--- Raw data Enclosed Below ---

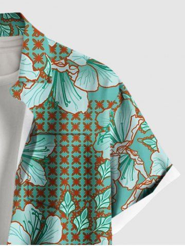 Plus Size Hibiscus Flowers Leaf Print Buttons Pocket Hawaii Shirt For Men - Green - 2xl
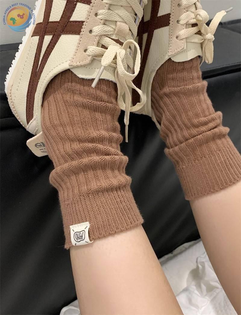 Thick line solid color cloth label pile pile socks Women's autumn and winter knitted snow boots socks women's cotton mid-tube socks wool stockings
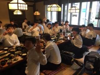 徒歩で食事会場に到着しました。現在食事を楽しんでいるようです。場所は「土風炉」と書いて「とふろ」と読む、和食がメインの食事店です。

--- End of Enclosed Raw data ---

[Activity]: Pictures in the data above should not be copied; transcribe everything else exactly.

[Expected output]:
 Plus Size Hibiscus Flowers Leaf Print Buttons Pocket Hawaii Shirt For Men - Green - 2xl
 Thick line solid color cloth label pile pile socks Women's autumn and winter knitted snow boots socks women's cotton mid-tube socks wool stockings
 徒歩で食事会場に到着しました。現在食事を楽しんでいるようです。場所は「土風炉」と書いて「とふろ」と読む、和食がメインの食事店です。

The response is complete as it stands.